Origin and fates of the proepicardium. (A) Formation of the epicardium. Starting around E9.5 of mouse development, freely floating proepicardial cell vesicles attach to the naked myocardium, starting in the atrioventricular canal region. The whole heart will be covered by an epicardial epithelial sheet by E11.5. (B) Formation of epicardium-derived cells (EPDCs). At E11.5–13.5, epicardial cells undergo an epithelial-mesenchymal transition (EMT) (mediated by Wnt, FGF, and Wt1/Snail signals) and EPDCs emerge in the subepicardial space. EPDCs then differentiate toward various cell types, as indicated, and contribute to the coronary vasculature (cv) and cardiac fibroblast.

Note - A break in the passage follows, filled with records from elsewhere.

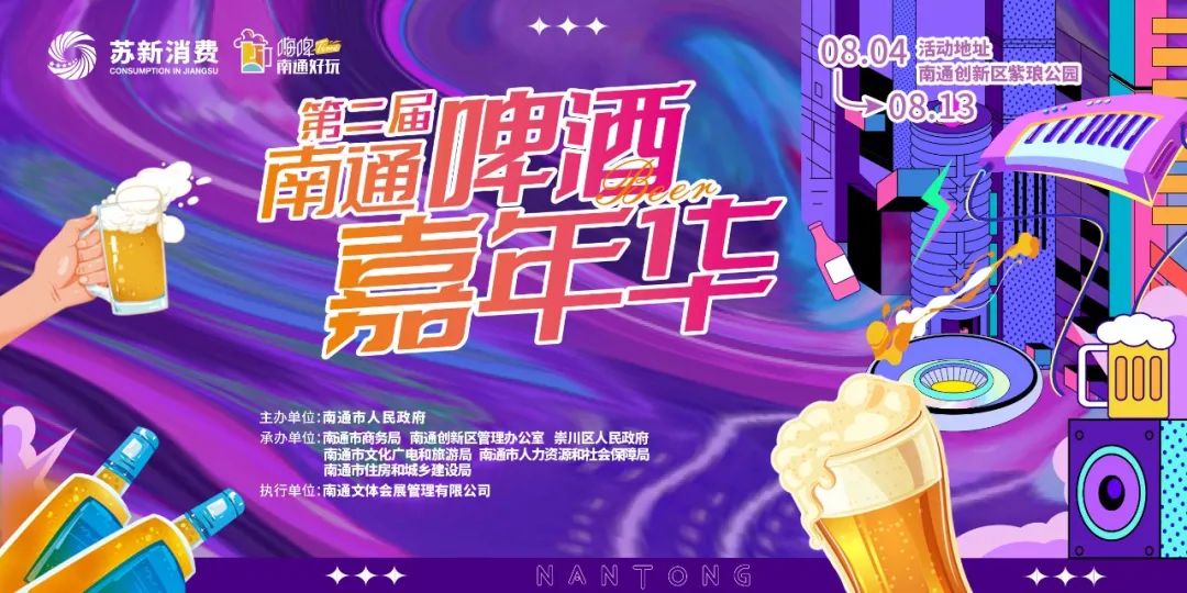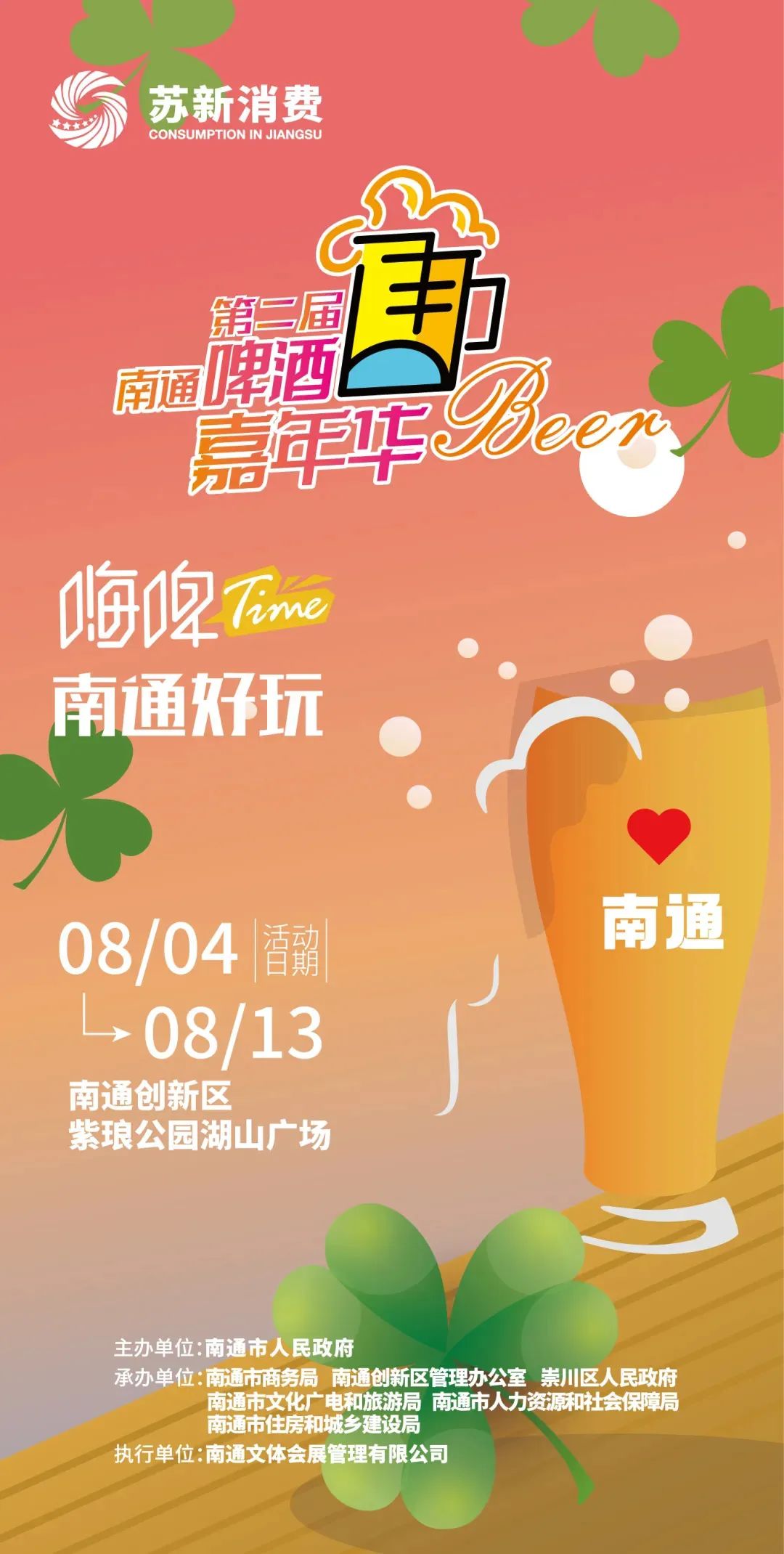 8月4日至8月13日,每天18:00-22:00 ,南通创新区紫琅公园(湖山广场),第二届南通啤酒嘉年华,就等你来!推荐市民朋友们乘坐公共交通出行哦:
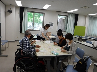 5月14日は紙で作るバラのアクセサリー「ロザフィ」体験でした。
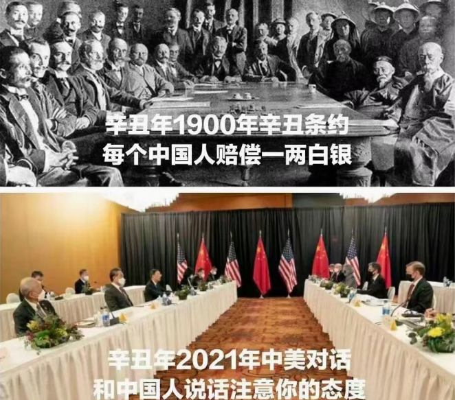 近日,朋友圈被兩張談判桌的對比圖刷屏,一張是辛丑1900年清政府被迫簽訂《辛丑條約》的談判現(xiàn)場,一張是辛丑2021年中美高層戰(zhàn)略對話現(xiàn)場。一百二十年滄桑巨變,從任人宰割的羸弱到據(jù)理力爭的魄力,中國人的底氣來自哪里?
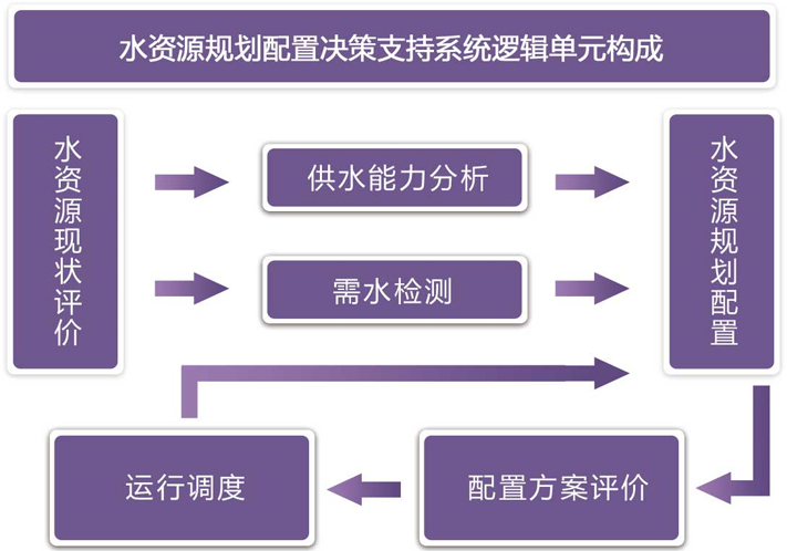 水量调配决策管理系统系统逻辑单元包括:水资源现状评价、供水能力分析、需水预测、水资源规划配置、配置方案评价、运行调度六个核心部分。
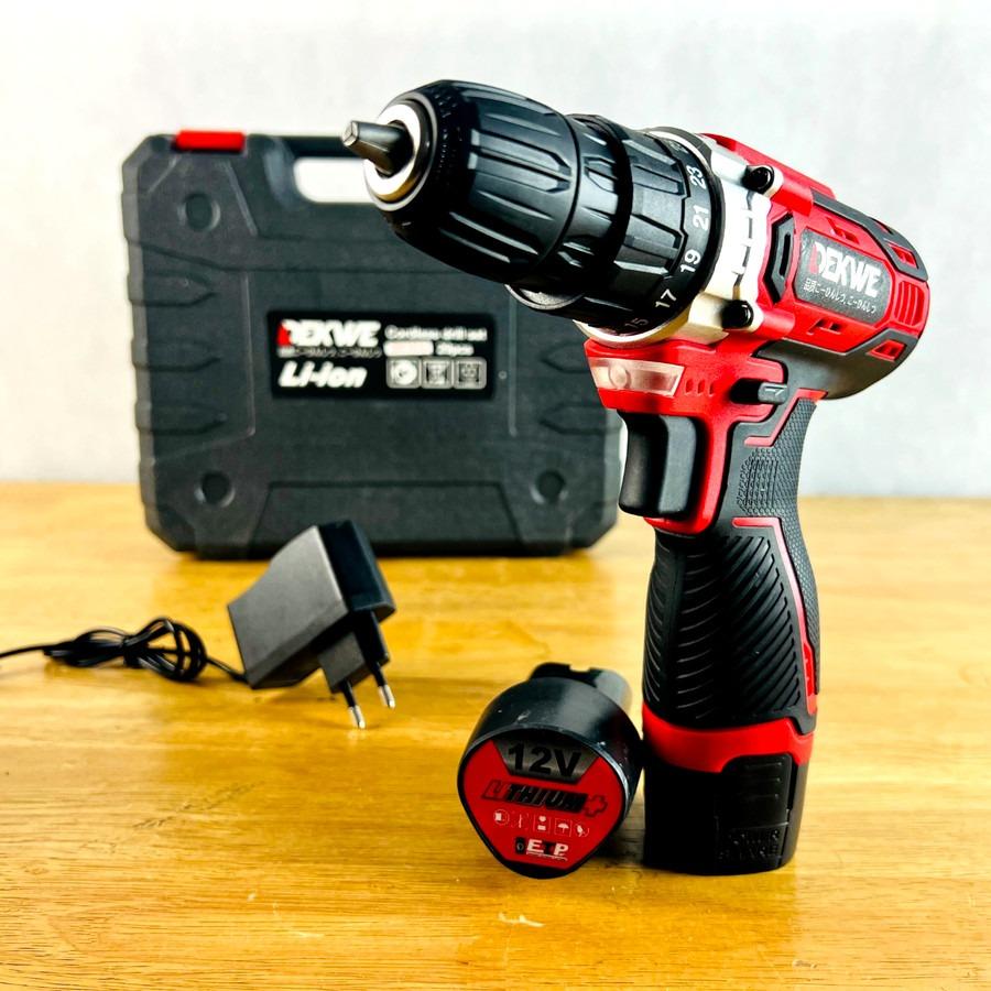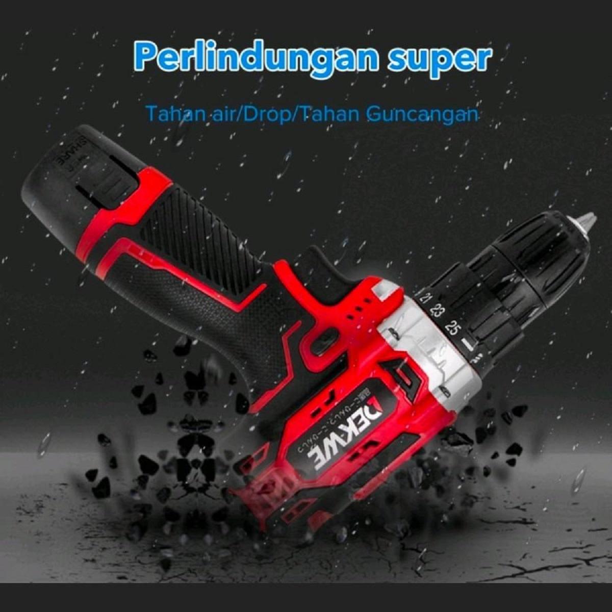 DEKWE DK1012 Mesin Bor Baterai Cordless 10mm 12V Torsi 25NM Reversible LED Koper Solid Dual Speed Mode Fast Charging
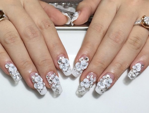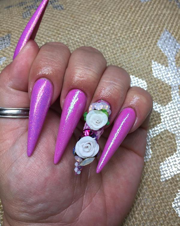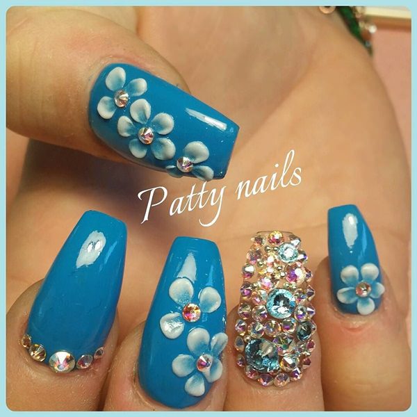 Only the bold may try this design! If you aren’t afraid of attempting to use your touchphone screen while sporting these bad babies, then by all means, give them a chance in your beauty regime! You can add tons of detail to length nails like these, just take a look at all those flowers and gems on the ring finger!
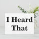 Cartão branco padrão com "Eu ouvi isso" em uma fonte grande e negrito em ambos os lados.
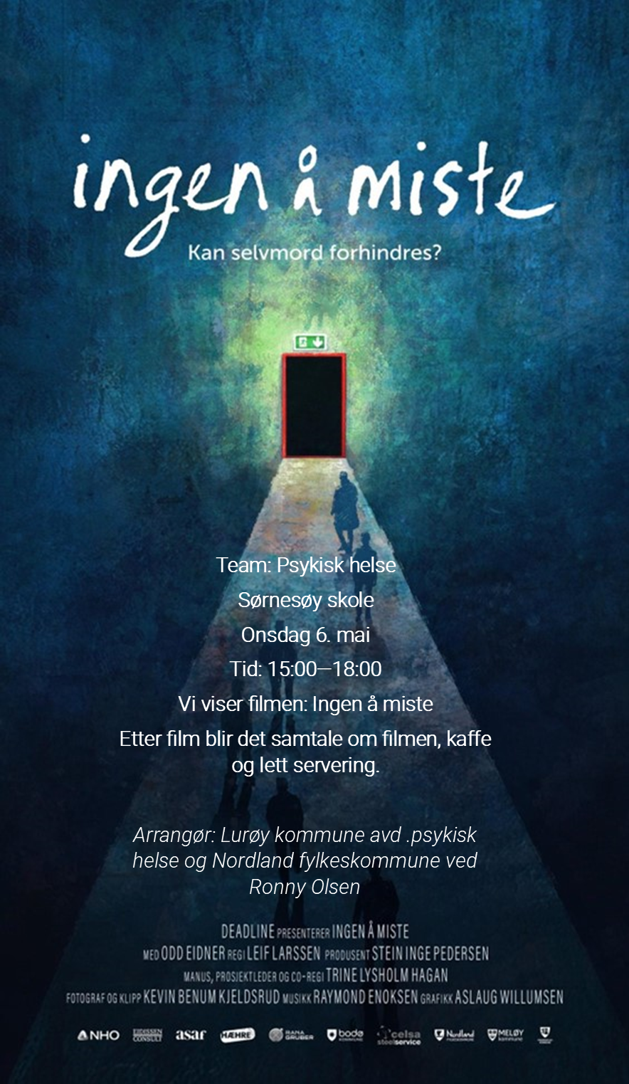 Ingen å misteLurøy kommune avd. psykisk helse og Nordland fylkeskommune v/Ronny Olsen, inviterer til film: "Ingen å miste" og samtale i etterkant. Det blir mulighet for kaffe og lett servering.Filmen vises på Sørnesøy, og er åpen for alle.Dato: Onsdag 6. maiTid: kl. 15:00 - 18:00Sted: Sørnesøy skole

EPDC differentiation toward the myocytic lineage is still under thorough investigation. (C) Epicardium/EPDCs are secreting important factors that induce myocardial proliferation and thereby myocardial compact zone growth. AA, Aortic arches; ant, anterior; cv, coronary vessels; do, dorsal; EMT, epithelial to mesenchymal transition; EPDC, epicardial-derived cells; Epi, epicardium; EPO, erythropoietin; EV, eye vesicle; IGF, insulin growth factor; L, left; LAt, left atrium; LB, limb bud; LV, left ventricle; OFT, outflow tract; OV, otic vesicle; PE, proepicardium; post, posterior; R, right; RA, retinoic acid; RAt, right atrium; RV, right ventricle; SO, somites; ven. ventral.
Figure 4.
Figure 4.
Cardiac neural crest. (A) Neural crest induction. Illustrated is a ventral view of an E7.5 embryo and a transverse section through the first somite pair. The section detail shows the different germ layers and factors originating in the ectoderm and mesoderm that are required for neural crest cell induction in the neural plate border (NPB). Ant, anterior; post, posterior; R, right; L, left; HF, headfolds; FHF, first heart field; SHF, second heart field; So, somite. (B) Delamination and onset of migration of cardiac neural crest cells. At E8.5, cardiac neural crest cells delaminate from the NPB between the mid-otic vesicle (ov) and the posterior border of somite 3 (S3) and start on their migratory path toward the heart. These processes are mediated by Wnt, FGF, BMP, and RA signals. Please see text for more details. ant, anterior; post, posterior; ven, ventral; do, dorsal; S1,2,3,4, somite 1,2,3,4. (C) Neural crest migration. By E9.5, the CNCCs reach the aortic arches and are proceeding toward the OFT. Signals targeting the CNCCs to the aortic arches are indicated. ov, otic vesicle. (D) The CNCCs are vital for the repatterning of the aortic arches. There are initially six symmetrical arteries attached to the parallel dorsal aorta (da). Sequentially these arteries are remodeled and give rise to a separate ascending aorta (aao) and pulmonary trunk (P) with two pulmonary arteries attached. Additionally, the cardiac neural crest cells are differentiating into aortic smooth muscle cells and envelope the nascent endothelial cells forming the aortic arches. Required factors for both processes are indicated (END, endothelin); see text for details. bca, Brachiochepalic artery; lcca, left common carotid artery; lsa, left subclavian artery. (E) Interaction of CNCCs and SHF progenitors leads to outflow tract (OFT) elongation and septation. At E11.5, cardiac neural crest cells condense and form the U-shaped aorticopulmonary septation complex (APSC); see text for details. CNCC, Cardiac neural crest cells; SHF prog., second heart field progenitors; NT, neural tube; So, somites; IFT, inflow tract; diff. SHF prog., differentiated second heart field progenitors; AA, aortic arches; FHF derived myo., first heart field-derived myocardium; SHF derived myo, second heart field-derived myocardium.